» What you need to do:
Excluding images, repeat the data exactly as given.

» Data shown:
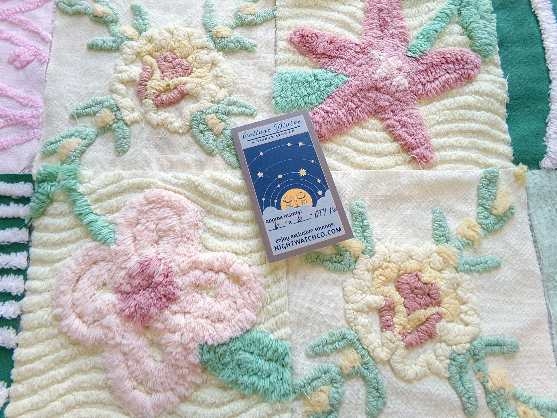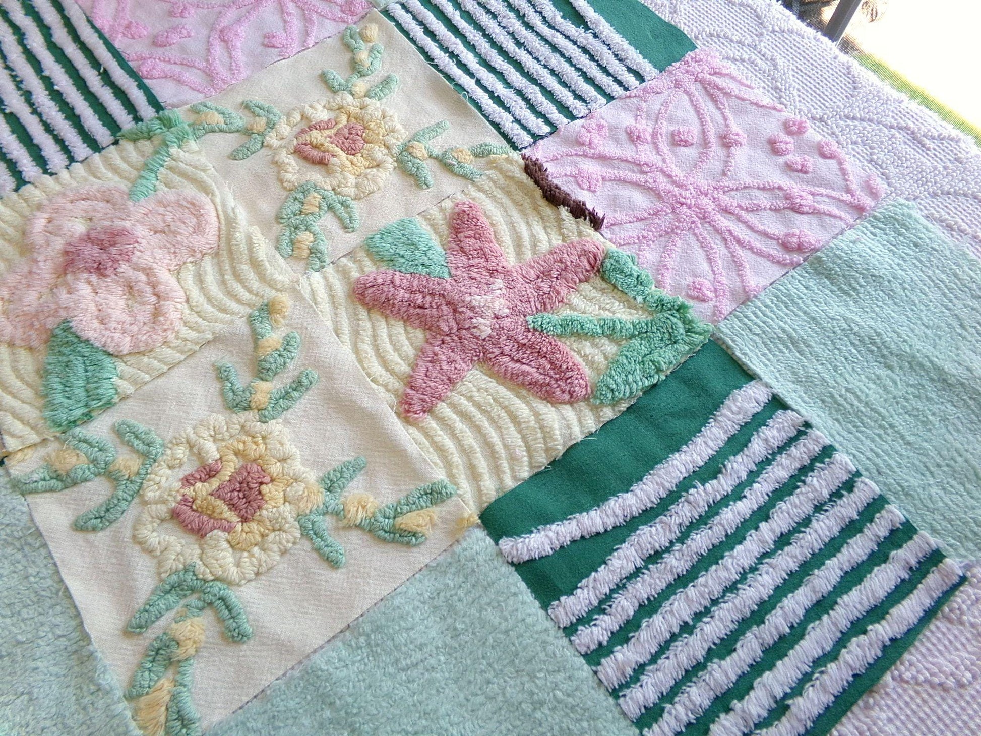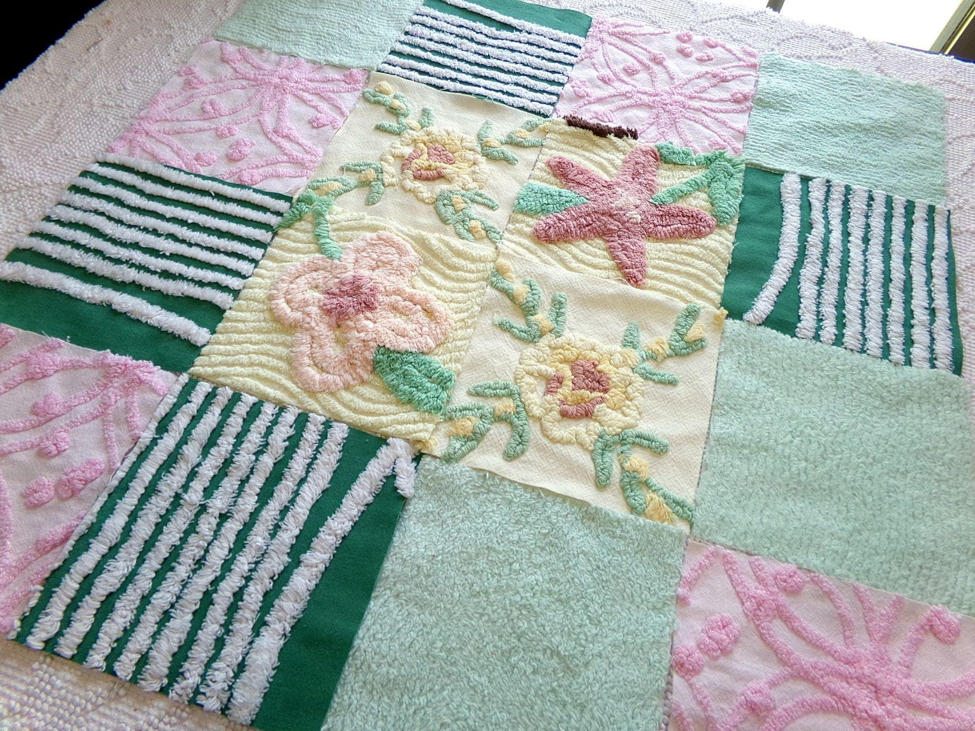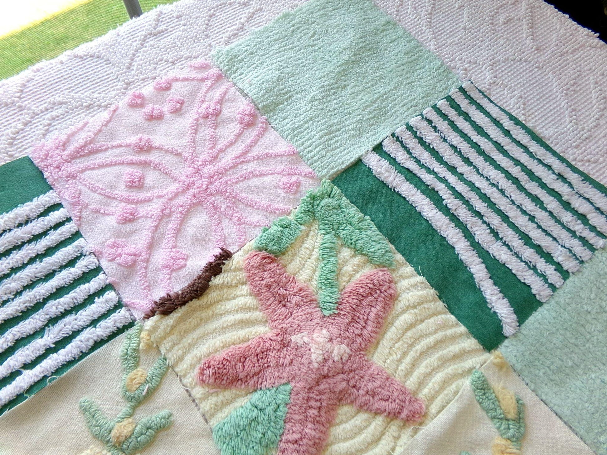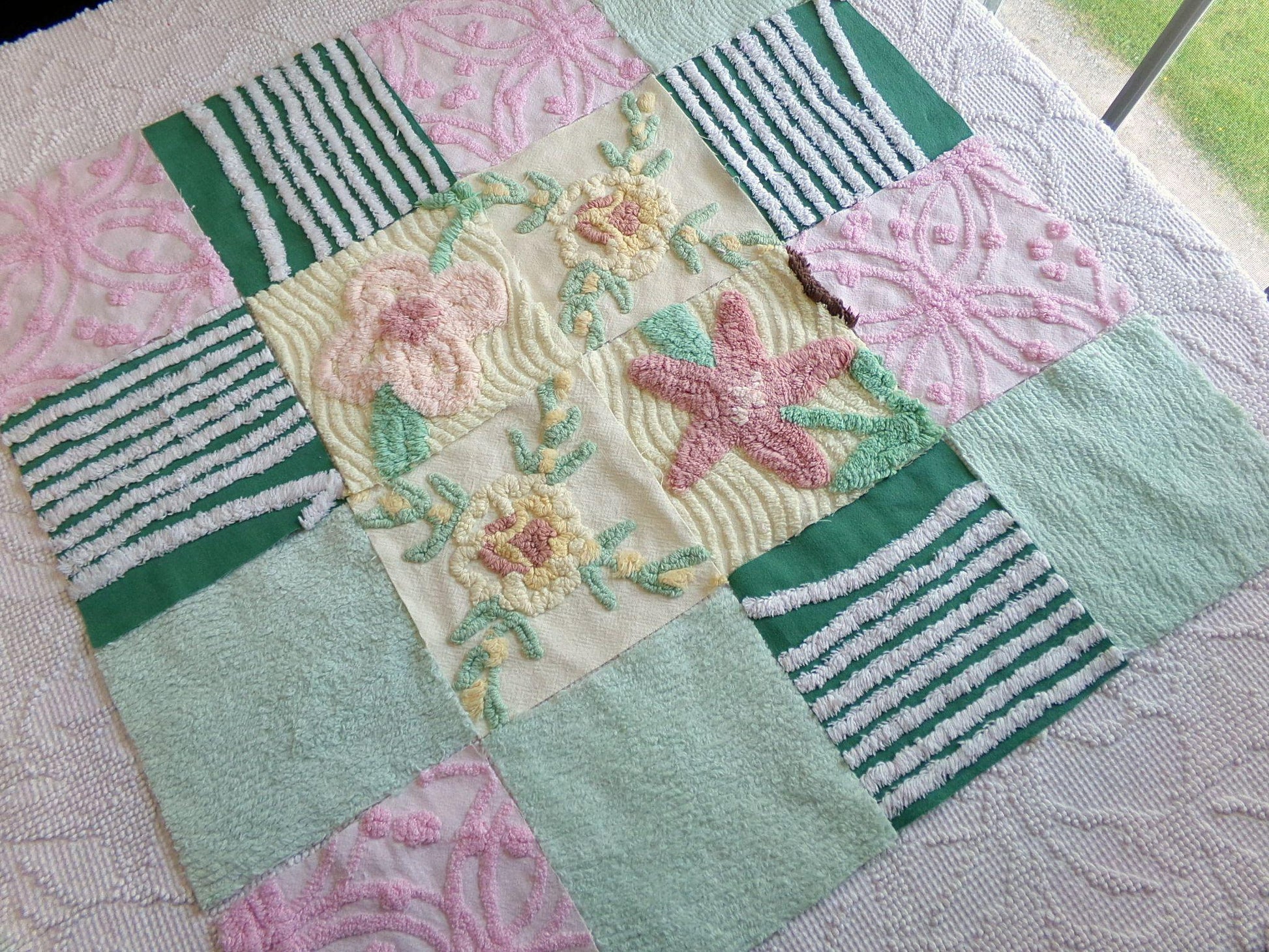 This assorted premium mix of fabric squares has been hand selected and rotary cut from original vintage chenille bedspreads. All are cotton or cotton blend. Ideal in DIY pillows & handmade quilts.
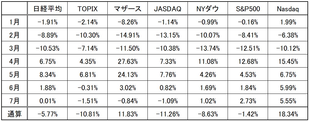 どの程度あっちもこっちもで歪(いびつ)が発生しているかを、日本と米国の代表的な株価指数の年初来の月別、通算の各騰落率で確認してみる。7月に関しては7月10日までの数字で計算してある。まず、表に目を縦に走らせて月毎の上昇か下落かという傾向値を比較すると、概ねベクトルの向きは同じになるが、表の横方向に目を走らせ月毎の各指数の変動率をみると、ベクトルの角度はかなりバラバラになっていることに気がつくだろう。6月以降は、正負の記号さえ違うことさえある。
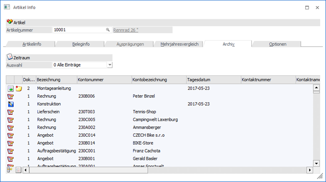 Durch Anwahl des Registers "Archiv" können alle Archiveinträge angesehen werden, die zu diesem Artikel vorhanden sind. Voraussetzung dafür ist, dass das Programm WinLine ARCHIV eingesetzt wird.
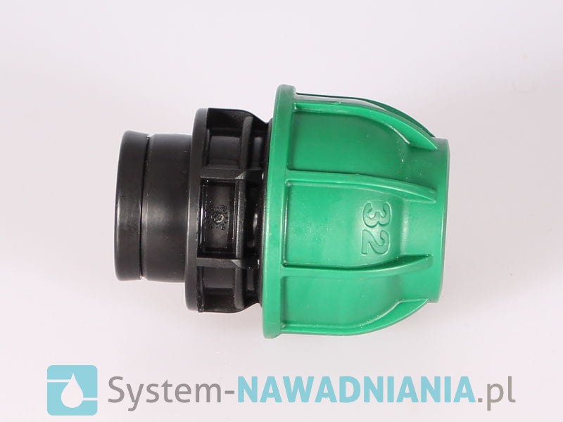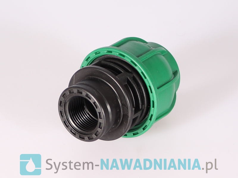 Przeloty skręcane z gwintem wewnętrznym firmy Irritec 32 mm - 3/4 cala (zielona nakrętka). Przelot daje możliwość połączenia rury z innymi elementami systemu nawadniania.

» Response:
 This assorted premium mix of fabric squares has been hand selected and rotary cut from original vintage chenille bedspreads. All are cotton or cotton blend. Ideal in DIY pillows & handmade quilts.
 どの程度あっちもこっちもで歪(いびつ)が発生しているかを、日本と米国の代表的な株価指数の年初来の月別、通算の各騰落率で確認してみる。7月に関しては7月10日までの数字で計算してある。まず、表に目を縦に走らせて月毎の上昇か下落かという傾向値を比較すると、概ねベクトルの向きは同じになるが、表の横方向に目を走らせ月毎の各指数の変動率をみると、ベクトルの角度はかなりバラバラになっていることに気がつくだろう。6月以降は、正負の記号さえ違うことさえある。
 Durch Anwahl des Registers "Archiv" können alle Archiveinträge angesehen werden, die zu diesem Artikel vorhanden sind. Voraussetzung dafür ist, dass das Programm WinLine ARCHIV eingesetzt wird.
 Przeloty skręcane z gwintem wewnętrznym firmy Irritec 32 mm - 3/4 cala (zielona nakrętka). Przelot daje możliwość połączenia rury z innymi elementami systemu nawadniania.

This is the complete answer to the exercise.